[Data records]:
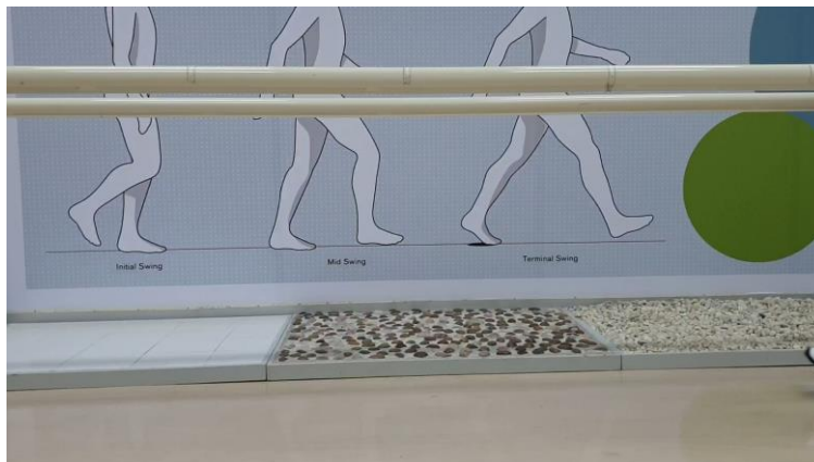
วิดีโอขณะฝึกเดินบนพื้นระนาบ
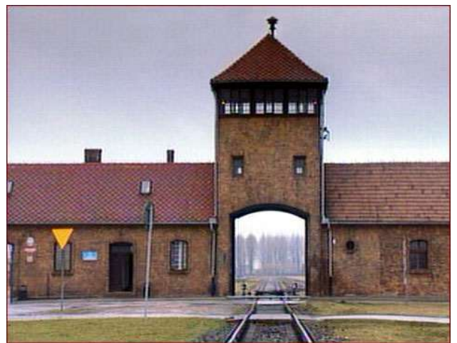
Canp de concentració d'Auschwitz
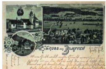
Pilgerpostkarte von 1900: Blatten war beliebter Wallfahrtsort.
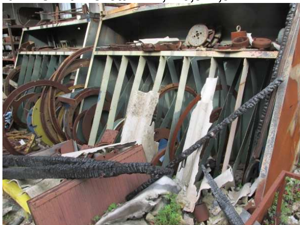
Ad 11 Ormar rozeta 1 2,4x0,9x1,9 mm
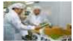
【 학교검수검품 】
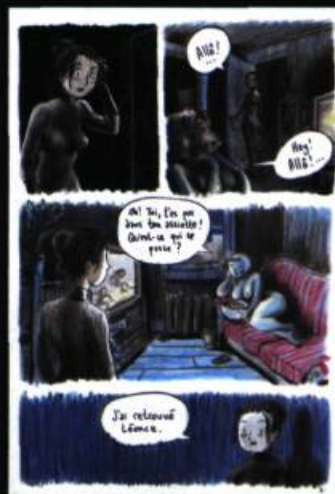
Planche extraite de l'album Appalaches, Colosse , 2007
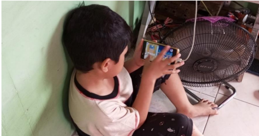
Gambar 4.9 Aktivitas H bermain handphone pulang sekolah TK Al-Qur'an
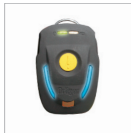
Dräger Bodyguard® 1000 Персональная система предупреждения и безопасности
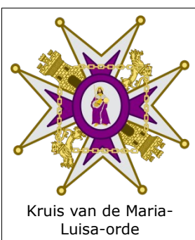
Kruis van de Maria-Luisa-orde

Na lang aandringen van de zijde van Maria Louisa stichtte haar gemaal in 1792 in navolging van andere Europese hoven, een damesorde, de Maria-Luisa-orde, bedoeld om adellijke dames te eren om hun diensten of kwaliteiten en aan het hof te binden. De koningin verrichtte de benoemingen en leidde de orde. De leden ontvangen een gouden kruis met een afbeelding van koning Ferdinand III (1199-1252) van Castilië die om zijn veroveringen op de Moren en zijn schenkingen aan de rooms-katholieke kerk al tijdens zijn leven De Heilige werd genoemd, al werd hij pas in 1671 gecanoniseerd. Als verplichting voor de maximaal dertig dames van de orde geldt het verrichten van charitas en het bijwonen van religieuze plechtigheden. In de loop der jaren ontvingen 1193 dames de eervolle benoeming tot lid van de orde. De meest recente benoemingen dateren van 2008.
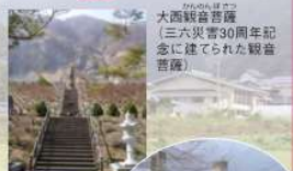
慰霊碑 (大西山の崩壊で殉職された建設者職員の慰霊碑)
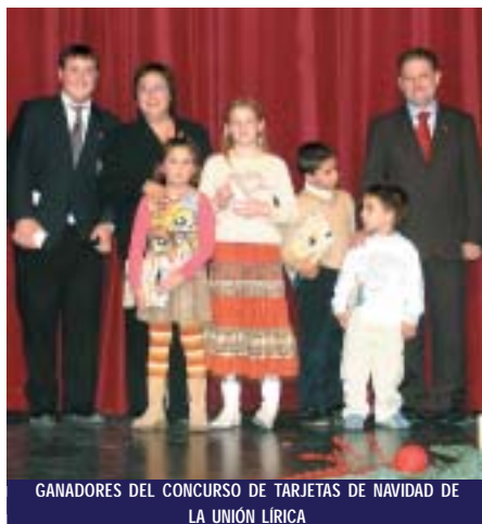
GANADORES DEL CONCURSO DE TARJETAS DE NAVIDAD DE LA UNIÓN LÍRICA

tas de Navidad. El acto finalizó con la actuación conjunta de todos los participantes cantando el villancico "San José al Niño Jesús".
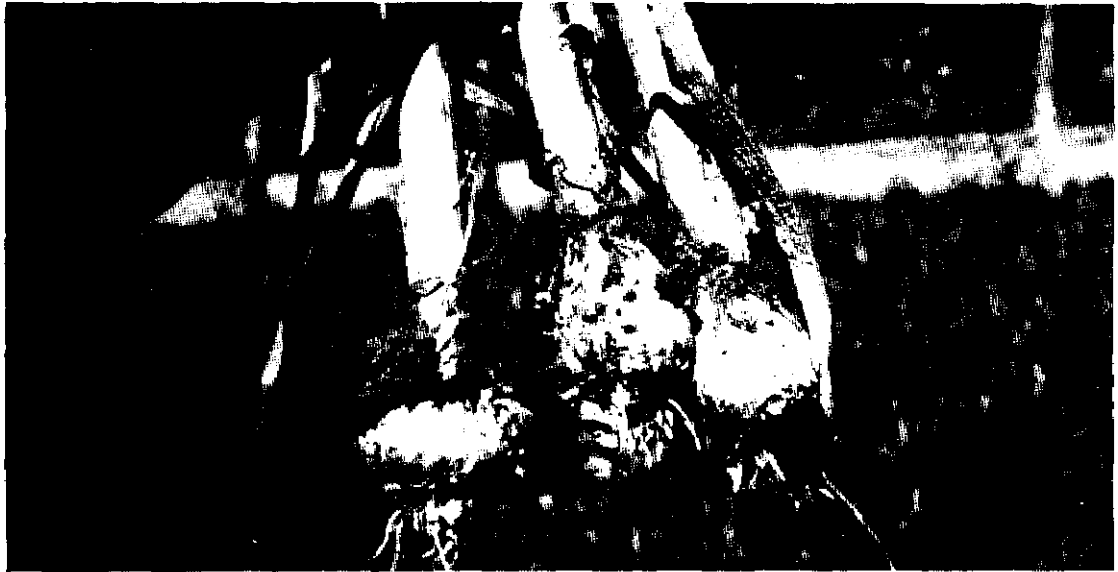
Ataque por Botrytis sp
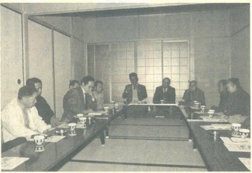
身近なところで同和問題を学習する地区別懇談会

僕は学校の道徳の授業で「人権」について習いました。そして、習い終わってから僕はこう考えた。「人権」とは人がそれぞれに生まれた時から持っている自由と平等の権利だと思ふ。 だから、人が人の自由や平

[ABOUT THIS EXERCISE]:
Copy exactly the lines from the first line of the records above through the line with "Planche extraite de", both included, and nothing else. Pictures stay out.

[REPLY TO THE TASK]:
วิดีโอขณะฝึกเดินบนพื้นระนาบ
Canp de concentració d'Auschwitz
Pilgerpostkarte von 1900: Blatten war beliebter Wallfahrtsort.
Ad 11 Ormar rozeta 1 2,4x0,9x1,9 mm
【 학교검수검품 】
Planche extraite de l'album Appalaches, Colosse , 2007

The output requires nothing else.